Are Christian President better step in and use his God given powers to end this satanic activety!!!


----------



## Puritan Sailor (Dec 21, 2005)

Don't get your feathers ruffled up just yet Nathan. There is another side to the story. I've only been off active duty a year now, and I never heard a Christian chaplain not say "in Jesus name." It's never been an issue in my experience. The laws are very specific protecting them. So I think there's something else going on here.


----------



## Bladestunner316 (Dec 21, 2005)

What then could it be?


----------



## Swampguy (Dec 21, 2005)

We have a Christian president?


----------



## mgeoffriau (Dec 21, 2005)

He has made numerous public professions.

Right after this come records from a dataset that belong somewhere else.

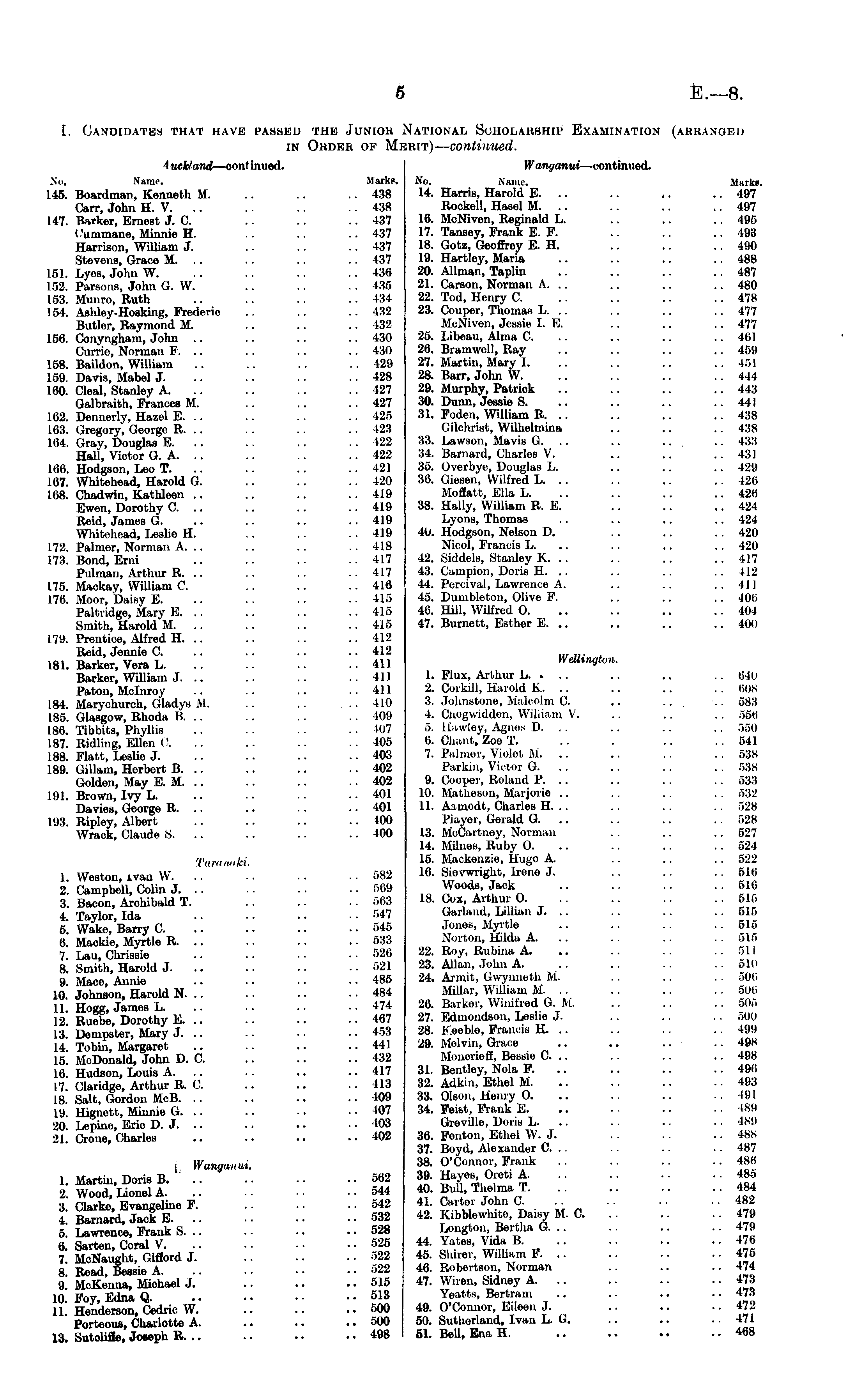 1. Candidates that have passed the Junior National Scholarship Examination (arranged in Ohder of Merit)— continued. 4 uekland —oont inued. Wanganui —continued. So, Name. M.-irk*. Nu. Name. Marto 145. Boardman, Kenneth M. .. .. .. 438 14- Harris, Harold E. .. .. .. .. 497 Carr, John H. V. .. .. .. .. 438 Kockcll, Hasel M. .. .. .. .. 497 147. Barker, Ernest J. C. .. .. ..437 16- McNiven, Reginald L. .. .. .. 495 I'umraane, Minnie H. .. .. ..437 17. Tansey, Frank E. F. .. .. ..493 Harrison, William J. .. .. .. 437 18. Gotz, Geoffrey E. H. .. . . .. 490 Stevens, Grace M. .. .. .. .. 437 19- Hartley, Maria .. .. .. .. 488 181. Lyes, John W. .. .. .. .. 436 20. Allman, Taplin .. .. .. .. 487 I 52. Parsons, John G. W. .. .. .. 135 21. Carson, Norman A. .. .. .. ..480 163. Munro, Ruth .. .. .. ..434 22. Tod, Henry C. .. .. .. ..478 154. Ashley-Hosking, Frederic .. .. ..432 23. Couper, Thomas L. .. .. .. ..477 Butler, Raymond M. .. .. .. 432 McNiven, Jessie I. E. .. .. .. 477 156. Conynghara, John .. .. .. ..430 25. Libeau, Alma C. .. .. .. ..461 Currie, Norman F. .. .. .. .. 430 26. Bramwell, Ray .. .. .. .. 459 158. Baildon, William .. .. .. .. 129 27. Martin, Mary I. .. .. .. ..451 159. Davis, Mabel J. .. .. .. .. 428 28. Barr, John W. .. . . .. .. 444 160. Cleal, Stanley A. .. .. .. 427 29. Murphy, Patrick .. .. .. .. 443 Galbraith, Frances M. .. .. .. 427 30. Dunn, Jessie S. .. .. .. .. 44] 162. Dennerly, Hazel E. .. .. . . .. 426 31. Foden, William R. .. .. .. .. 438 L 63. Gregory, George R. .. .. .. .. 423 Gilchrist, Wilhelinina .. .. . . 438 11)4. Gray, Douglas E. .. .. .. .. 422 33. Lawson, Mavis G. .. .. .. .. 433 Hall, Victor G. A. .. .. .. .. 422 34. Barnard, Charles V. .. .. . . 431 166. Hodgson, Leo T. .. .. .. ..421 35. Overbye, Douglas L. .. .. .. 129 n>7. Whitehead, Harold G. .. .. ..420 36. Giesen, Wilfred L. .. .. .. .. 426 168. Chadwin, Kathleen .. .. .. .. 419 Moflatt, Ella L. .. .. .. .. 426 Ewen, Dorothy C. .. .. .. .. 419 38. Hally, William R. E. .. .. .. 424 Reid, James G. .. .. .. .. 419 Lyons, Thomas .. .. .. .. 424 Whitehead, Leslie H. .. .. .. 419 40. Hodgson, Nelson D. .. .. . . 420 172. Palmer, Norman A. .. .. .. .. 418 Nicol, Francis L. .. .. .. .. 420 173. Bond, Erni .. .. .. ..417 42. Siddels, Stanley K. .. .. .. ..417 Pulman, Arthur R. .. .. .. ..417 43. Campion, Doris H. .. .. .. ..412 175. Mackay, William C. .. .. .. 416 44. Percival, Lawrence A. .. .. ..411 176. Moor, Daisy E. .. .. .. .. 415 45. Dumbleton, Olive F. .. .. .. 40l> Paltridge, Mary E. .. .. .. .. 415 46. Hill, Wilfred 0. .. .. .. .. 404 Smith, Harold M. .. .. .. .. 415 47. Burnett, Esther E. .. .. .. .. 400 179. Prentice, Alfred H. .. .. .. .. 412 Reid, Jennie C. .. .. .. .. 412 . 181. Barker, Vera L 411 WeUuujl,;,. Barker, William J. .. .. .. ..411 1. Flux, Arthur L. . .. .. .. .. 640 Paton, Mclnroy .. .. .. ..411 2. Oorkill, Harold K. .. .. .. .. 808 184. Marychurch, Gladys M. .. .. .. 410 3. Johnstone, Malcolm 0. .. .. .. 583 185. Glasgow, Rhoda R .. .. .. .409 4. Gnegwidden, William V. .. .. .. 55»i 186. Tibbits, Phyllis .. .. .. ..407 6. Hawley, Agnes D. .. .. .. .. 560 187. Ridling, Ellen ('. .. .. .. ..405 6. Chant, Zoe T. .. . .. ..541 188. Flatt, Leslie J. .. .. .. .. 403 7. Palmer, Violot iM. .. .. . . . . 538 189. Gillam, Herbert B. .. .. .. .. 402 Parkin, Victor G. .. .. .. . . 688 Golden, May E. M. .. .. . . .. 402 9. Cooper, Roland P. .. .. . . . . 533 191. Brown, Ivy L. .. .. .. • ■ 401 10. Matheson, Marjorie .. .. .. . . r>32 Davies, George R. .. .. .. ..101 U. Aamodt, Charles H. .. .. .. . 528 193. Ripley, Albert .. .. .. .. »00 Player, Gerald G. .. .. .. .528 Wrack, Claude S. .. .. . . .. 400 13. McCartney, Norman . . .. .. 527 14. Milues, Ruby O. .. . . .. . . 624 Turn mi hi 15. Mackenzie, Hugo A, .. .. .. 522 1. Weston, ivan W. .. .' 582 Iβ. Siovwriglit, Irene J. 516 2. Campbell, Colin J 569 Woods Jack 5 6 3. Bacon, Archibald T. 663 18. Cox Arthur O. 616 4 Taylor, Ida .. .. • •• • '"'47 Garland, Lillian J. .. .. .. .. 515 5. Wake, Barry C 546 Jones, Myrtle 515 6. Maekie, Myrtle R 533 Norton, Hilda A 515 7 Lav, Chrissie 526 22. Roy, Rubma A .. ..511 8. Smith, Harold J 52] 23. Allan, John A. 610 9 Mace, Annie .. .. .. .. 485 24. Armit, Gwyiuieth M. .. .. 606 10. Johnson, Harold N 484 Millar, William At 606 11 Hoeg James L. .. ... .. .. 474 26. Barker, Winifred G. At. .. .. . . 505 12 Ruebe, Dorothy E 467 27. Edmondson, Leslie J. .. .. ..600 13' Dempster, Mary J 453 28. K.eoble, Francis H 499 14. Tobin, Margaret 441 29. Melvin, Grace 498 15. AlcDonald, John D. C 432 Monorieff. Bessie C 498 16. Hudson, Louis A 417 31. Bentley, Nola F 496 17 Claridge, Arthur R. C. .. .. .. 413 32. Adkin, lUhel M. .. .. .. .. 493 L 8 Salt, Gordon Mcß. .. .. .. ..409 33. Olson, Henry O. .. .. .. ..491 19 Hignett, Minnie G. .. .. •■ ■ • 107 34. Feist, Frank E. .. .. .. .. 48» 20 Lepiiie, Eric D. J. .. .. •• • • 403 Greville, Doris L. .. .. .. .. 489 M Crone Charles .. .. .. .. 402 36. Fenton, Ethel W. J. .. .. .. 488 37. Boyd, Alexander C. .. . ... .. '187 I WanganuL 38. O'Connor, Frank 486 1 Martin Doris B . 562 39. Hayes, Oreti A. .. .. .. .. 480 kwETiES* :: :: •■- «* XW'Vr? & •i Clarke Evanceline F. .. .. .. 542 41. Carter John C. .. .. .. . . 482 ißaZ^TJack E 532 42. Kibblewhite Daisy M. C 479 5. Lawrence, Frank S 528 Bertha G 479 6 Sarten Coral V 525 44. Yates, Vida B 471> 522 45. Shhev. William F. .. ..475 8 Read, Bessie A 522 46. Robertson, Norman 474 9 McKenna, Michael J. 515 47. When, Sidney A .. 473 10 Foy Edna Q. .. .. ■ • .. 513 Yeattx, Bertram .. .. .. • • 473 ll! Henderson, Oedric W 500 49. O'Connor, Eileen J. 472 Porteous, Charlotte A. .. .. ..500 50. Sutherland, Ivan L. b. .. .. ..471 13. Sutolifie, Joseph R 498 61. BeU, Ena H. 468
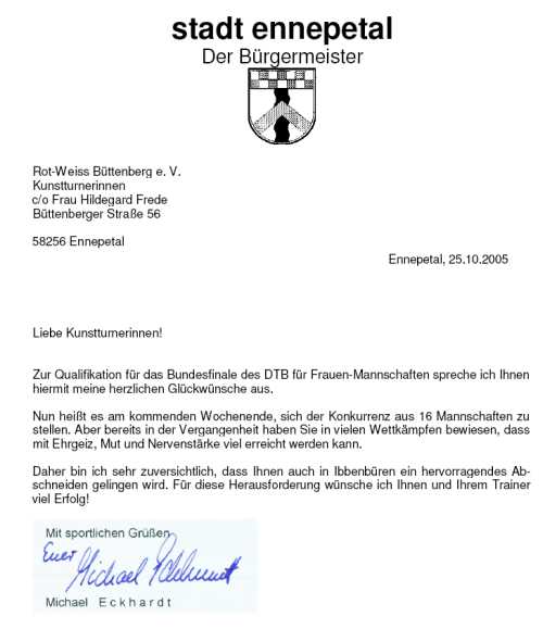 Grüße vom Präsidium des Westfälischen Turner Bundes (WTB).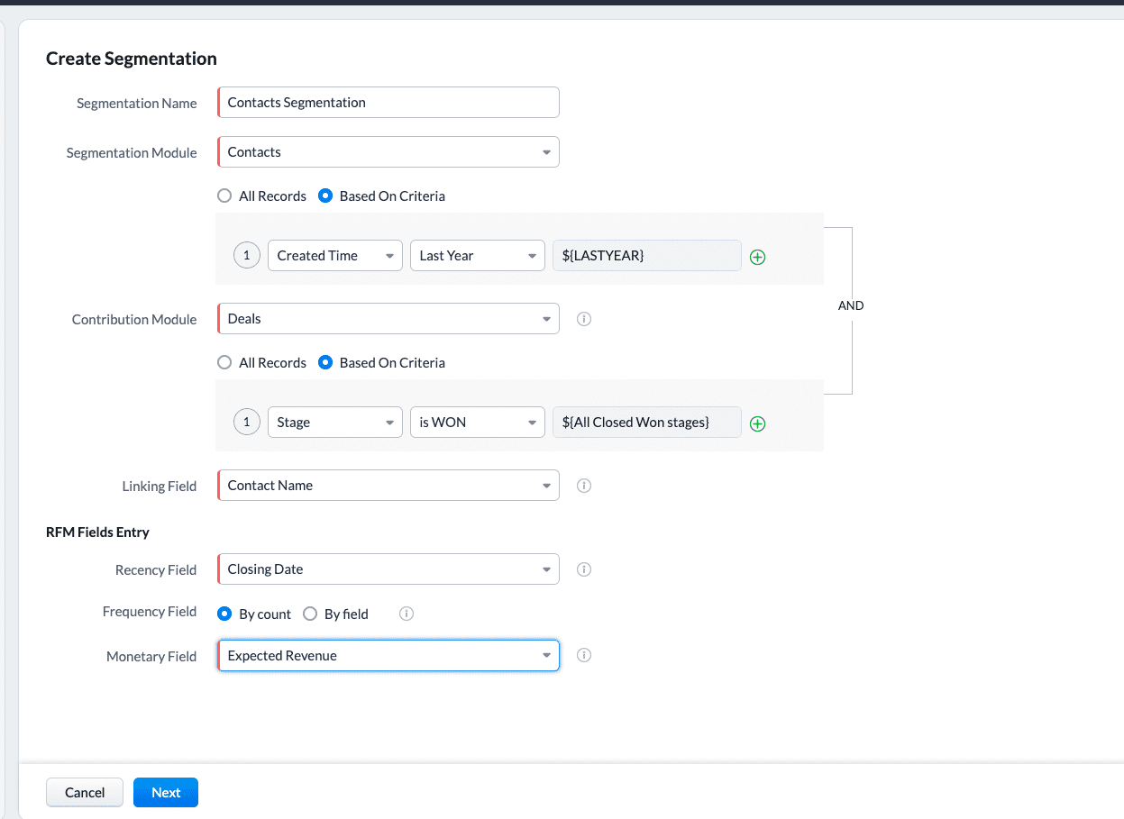 Teraz wprowadzone kolejne warstwy segmentacji, dzięki którym możesz jeszcze bardziej je udoskonalać. Możesz teraz określić kryteria rekordów z modułu wnoszącego, które Zoho CRM ma brać pod uwagę podczas przeprowadzania segmentacji.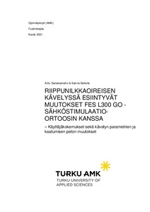 Pidemmän interventiojakson sekä yhdistetyn terapeuttisen harjoittelun seurauksena muutokset saattaisivat olla merkittävämpiä. Kuitenkin jo pelkkä ortoosin käyttö innosti tutkittavia pidempiin kävelymatkoihin ja -määriin, mikä itsessään on näissä tapauksissa kuntouttavaa toimintaa. This thesis is a case study with three clinical trial subjects, and it aims to receive user experiences of walking with FES L300 Go -electrical stimulation orthosis, give accurate information on gait on persons who suffer from drop foot symptom and raise awareness of the orthosis. Methods used in the study are semi-structured interview, diary, Fall Efficacy Scale – International, gait observation on video and gait analysis made with Zebris-pressure plates. Every evaluation method was used in the beginning of the study and after 30 days intervention period. Gait was evaluated without electrical stimulation orthosis and with it with normal walking pace of subjects.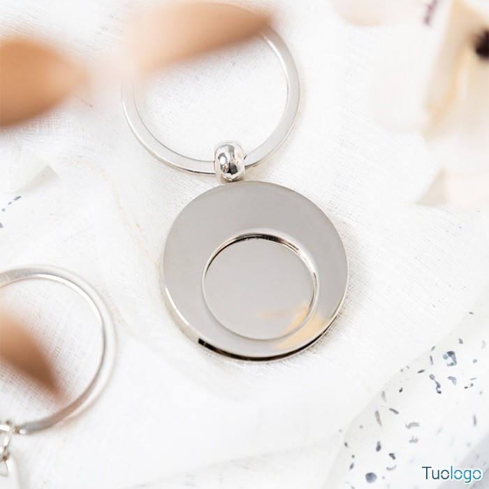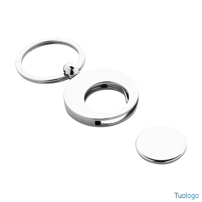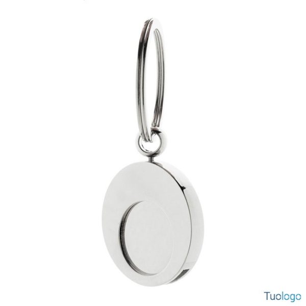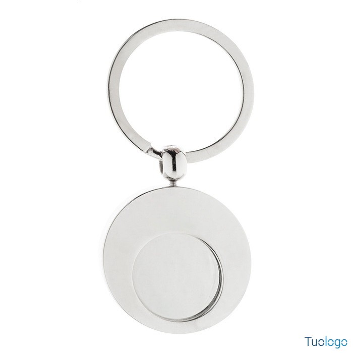 Portachiavi in metallo Bend. Portachiavi in metallo di forma rotonda con moneta per il carrello della spesa. Fornito in scatola di cartoncino kraft. Dimensioni: diam cm 3,6×3,6×0,5.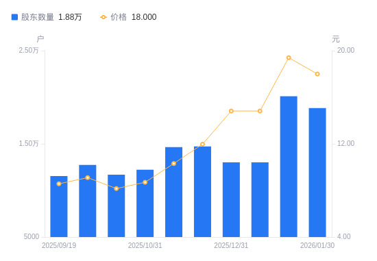 近一年(2025年2月28日至2026年1月30日),延江股份A股股东户数从1.21万户,增加至1.88万户,增幅55.31%,区间股价上涨217.97%。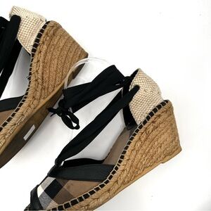Burberry Espadrille Black Tan Brown Check Logo Tartan Plaid Print Wedge size 40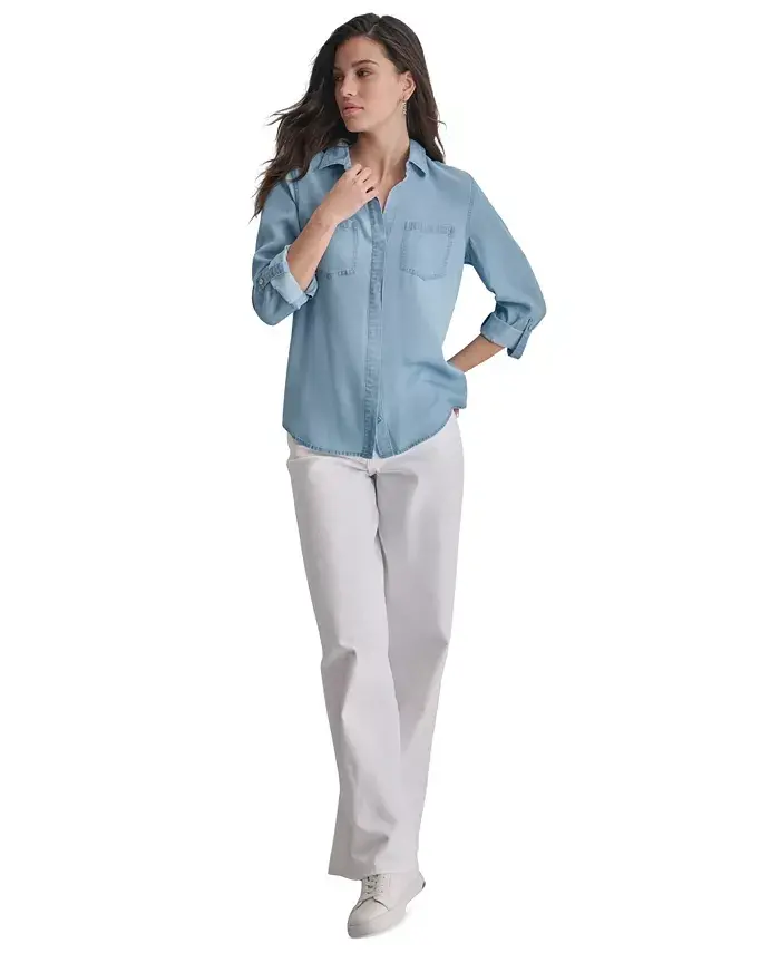 Framed by adjustable roll-tab-sleeves for added style versatility, DKNY Jeans button-front shirt instantly brings a pop of color to any outfit. Approx. model height is 5'10" and she is wearing a size small Relaxed fit; approx. 27" long Point collar; front button closures Patch pockets at chest; slit at back vent Long roll-tab sleeves; buttoned cuffs 100% Lyocell Machine wash Imported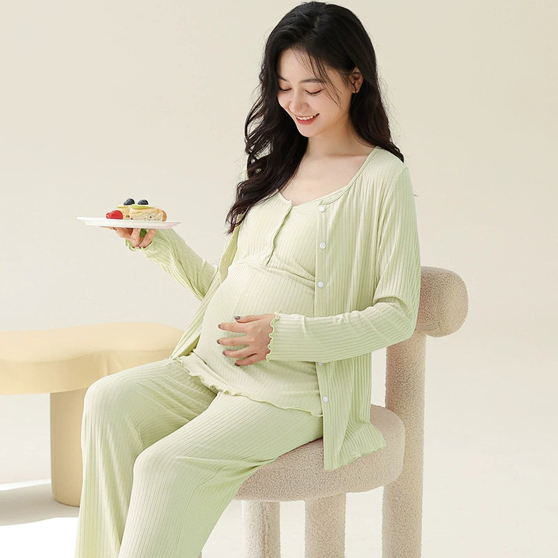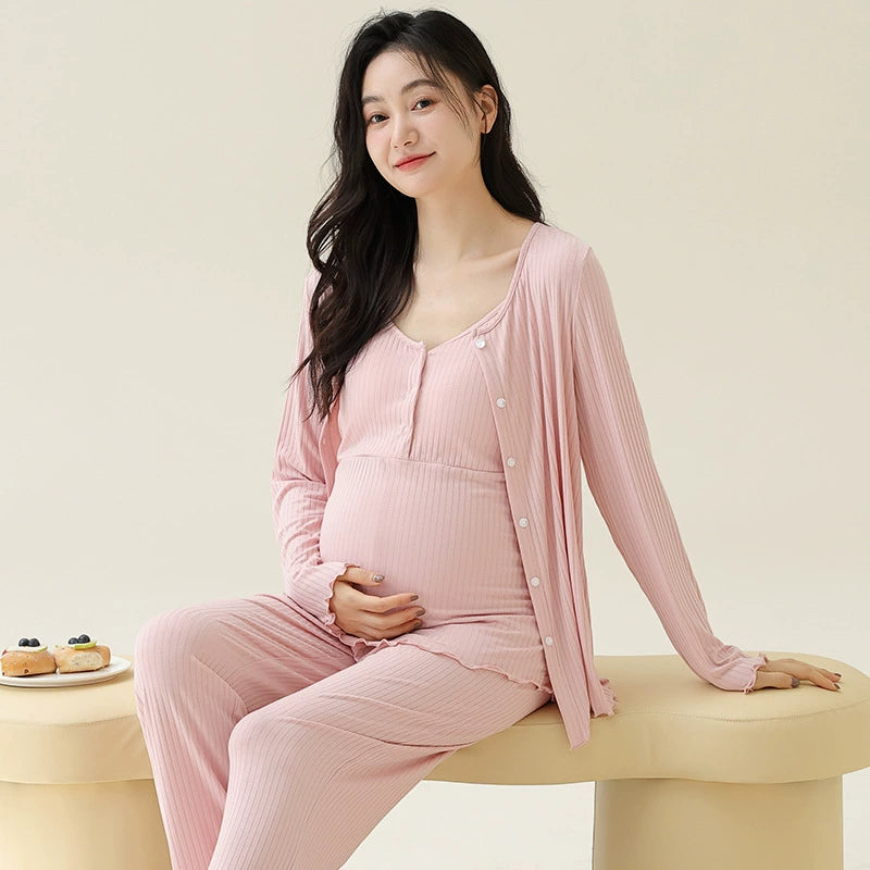- Complete 3-Piece Set: Includes a long-sleeve nursing top, full-length pants, and a matching lightweight robe.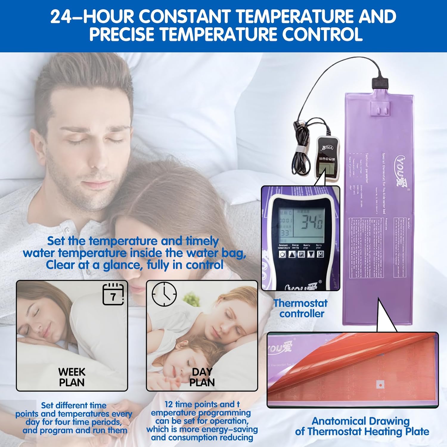 【Heating thermostat】: Waterbed set is equipped with an upgraded leak-proof thermostat, which uses intelligent heating thermostat technology, the temperature duration can be freely adjusted, and the temperature is constant for 24 hours. This thermostat has a digital large screen display, it makes it easier for us to use.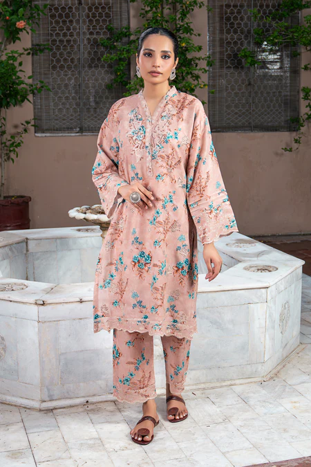 Elevate your style with this 2-piece stitched embroidered khaddar set, featuring a beautifully printed embroidered shirt and matching trouser, both crafted in premium khaddar fabric for comfort and elegance.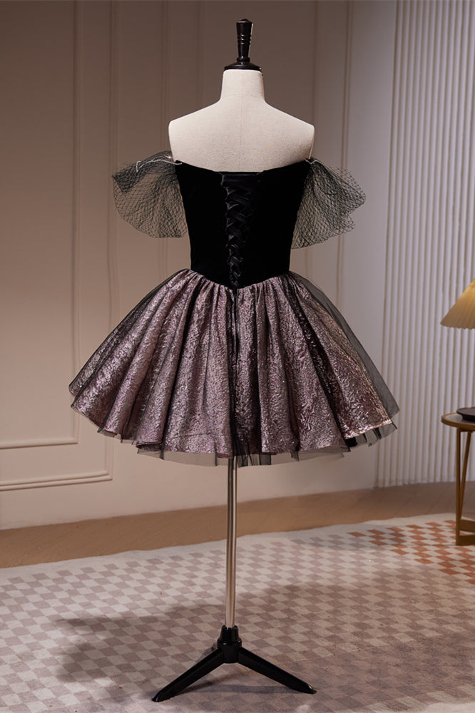 Black Off-the-Shoulder Beaded Homecoming Dress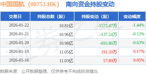 证券之星消息,1月22日南向资金减持1575.47万股中国国航(00753.HK)。近5个交易日中,获南向资金减持的有3天,累计净减持2157.43万股。近20个交易日中,获南向资金增持的有12天,累计净增持70.66万股。截至目前,南向资金持有中国国航(00753.HK)10.81亿股,占公司已发行普通股的21.79%。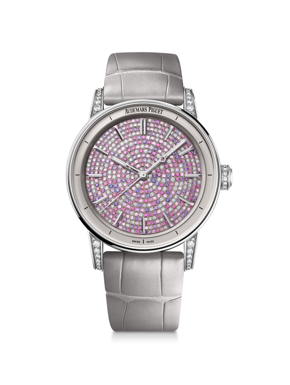 18Kピンクゴールドまたはホワイトゴールドの「CODE 11.59 バイ オーデマ ピゲ」の新モデルは、ダイヤモンドとカラーサファイアをイレギュラーセットしたまばゆいダイヤルを備えています。©オーデマ ピゲ提供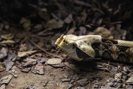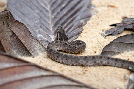 Porthidium nasutum, Rainforest Hognosed Pitviper, brown danger poison snake in the forest vegetation. Forest reptile in habitat, on the ground in leaves, Costa Rica. Widllife in Central America.

Do you have a reason to doubt his salvation?

I for one have doubts about his doctrine, but knowing that as a young man he generally led a wasteful and meaningless life (by his own admission) and has since been able to conquer those sins, I see no reason to call into question his profession of faith.


----------



## Puritan Sailor (Dec 21, 2005)

> _Originally posted by Bladestunner316_
> What then could it be?



I heard this chaplain and then a response from his fellow chaplain later on, both on the Sean Hannity show. The second chaplain, another Christian chaplain, said this guy was basicaly lying, though he used nicer words. I don't know what is going on in these ciorcumstances, but I would not be so quick to rush to any judgment on this without hearing all the facts. "Quick to listen, slow to speak, slow to wrath...."


----------



## Bladestunner316 (Dec 21, 2005)

my fault


----------